The Search for a Showroom
The first challenge for any potential FFV buyer in India is simple: finding one to buy. While the government's ambition is clear, the reality is that the market is still in its infancy. As of mid-2026, very few mass-market flex-fuel models are actually
available for purchase. Automakers like Maruti Suzuki and Tata Motors have showcased prototypes of popular models like the WagonR, Fronx, and Punch, capable of running on high-ethanol blends like E85 (85% ethanol). However, the rollout has been slow. This scarcity creates a classic chicken-and-egg problem. Carmakers are hesitant to commit to mass production without a clear demand and a robust fueling network, while customers cannot buy cars that aren't in the showroom. For FFVs to move from policy documents to public roads, a much wider and more diverse range of models—from affordable hatchbacks to popular SUVs—needs to become readily available.
The Fueling Hurdle
Even if you could buy an E85-compatible car today, your next challenge would be finding the fuel. India has made impressive strides in rolling out E20 petrol (20% ethanol blend), which is now the standard across the country and compatible with most vehicles manufactured after April 2023. But true flex-fuel vehicles are designed for much higher blends, like E85, to deliver their full potential. As of June 2026, dedicated E85 pumps are extremely rare, with a few initial stations opening in major cities like Delhi.

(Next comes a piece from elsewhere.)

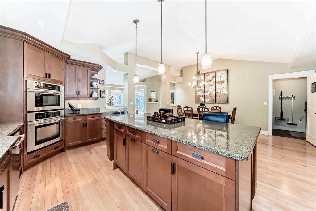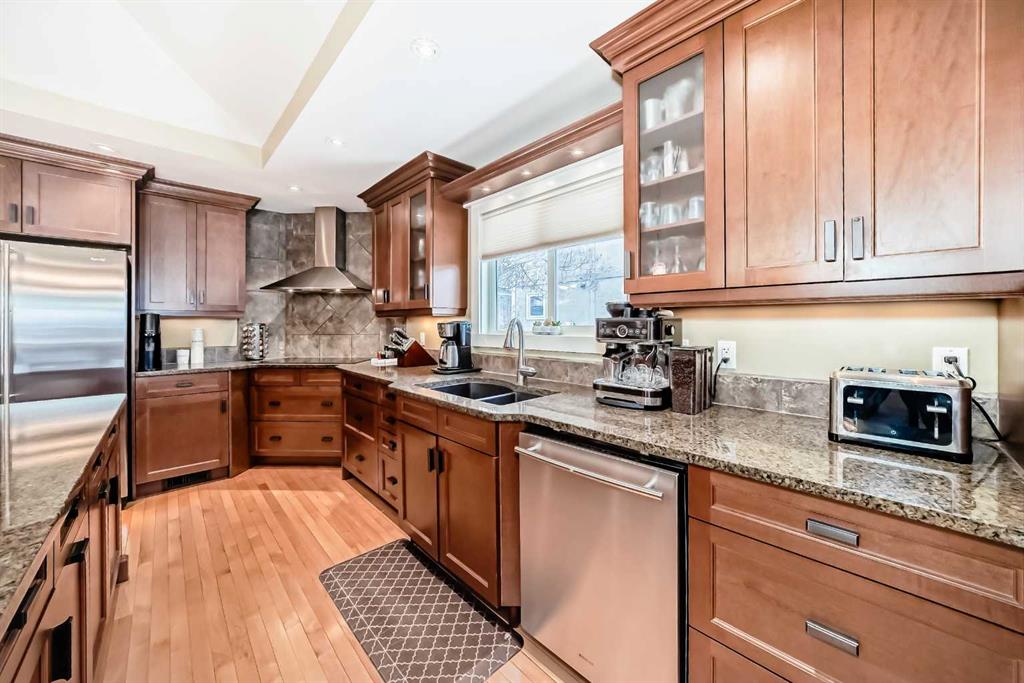 Welcome to a \'top\" location in West Dalhousie. This massive bungalow (over 2,000 sq ft on the main) was completely remodelled in 2011 and a number of upgrades since like triple pane windows on the main floor in 2022, a new roof in 2014, new AC unit 2023 and updated landscaping in the backyard in 2013. The main floor has hardwood throughout, a front living room w/ a wood burning fireplace which is very cozy during our long winters. The kitchen has a large island, high end appliances, which includes wall oven + microwave, along with granite counter tops, and dark brown cabinets. There is also a large dining room across, a laundry room w/ sink + a family room with gas fireplace at the back. The primary bedroom is large in nature with access to the yard, a double sided gas fireplace, a 5 piece ensuite, and a spacious walk in closet. There are 2 additional bedrooms + a 4 piece bathroom on the main floor. The yard is huge with a walking path along the back, a retaining wall, deck and pergola, shed and dog run along the east side. The lower level is spacious with over 1,200 sq feet of developed space. It has a fitness room, a large storage room, plus a huge rec/games room which acts as a media centre and an office right now. There is 4th bedroom that\'s perfect for guests or a teenager along with a 3 piece bathroom (walk in shower). There also is a tankless/on-demand water tank + an updated high efficiency furnace. Home is walking distance to the Dalhousie elementary school, HD Cartwright and a short drive to Sir Winston Churchill. Situated across from a large green space and within walking distance to Dalhousie C train Station make for a great location. Rarely do bungalows of this size come onto the market in NW Calgary.

Reports suggest the government aims to have around 500 E85 stations in the near future, a tiny fraction of the more than 72,000 stations dispensing regular petrol. This limited infrastructure makes owning an FFV impractical for most people, especially outside major urban centres. Until E85 fuel becomes as easy to find as regular petrol, the appeal of a car designed to run on it remains severely limited.
The Savings Equation
The most critical factor for widespread adoption is the cost. A flex-fuel vehicle needs to make financial sense for the average consumer. This is currently the biggest hurdle. Firstly, FFVs are more expensive to buy. Making an engine E85-compliant requires modifications to the fuel system, which adds to the manufacturing cost. For example, a flex-fuel version of the WagonR was reported to be priced significantly higher than its standard petrol counterpart. Secondly, there's the running cost. Ethanol has a lower energy density than petrol, which means your car's mileage will drop when using a higher ethanol blend. An engine running on E85 can see its fuel efficiency decrease by 20-30% compared to petrol. While E85 fuel is priced lower per litre—around ₹20 cheaper than E20 petrol at its launch in Delhi—this discount may not be enough to offset the drop in mileage. A simple calculation shows that the cost per kilometre could actually be higher with E85, unless the price gap widens significantly.
What Needs to Happen?
For flex-fuel technology to succeed, a coordinated effort is required from all stakeholders. The government, automakers, and fuel companies must work together to break the deadlock. Automakers need to see a clear business case, which may require initial government incentives to bridge the price gap between FFVs and regular cars. Fuel companies need to aggressively expand the E85 dispensing network, backed by clear policy and investment support. Most importantly, the economic proposition for the consumer must be undeniable. As seen in Brazil, the world's most mature FFV market, ethanol-based fuels become attractive only when they are significantly cheaper than petrol—typically below a 70% price threshold—to compensate for the lower mileage. Unless the combination of a lower vehicle price, widespread fuel availability, and a clear, consistent saving per kilometre is achieved, flex-fuel vehicles will remain a niche-interest topic rather than a mainstream solution for India's mobility future.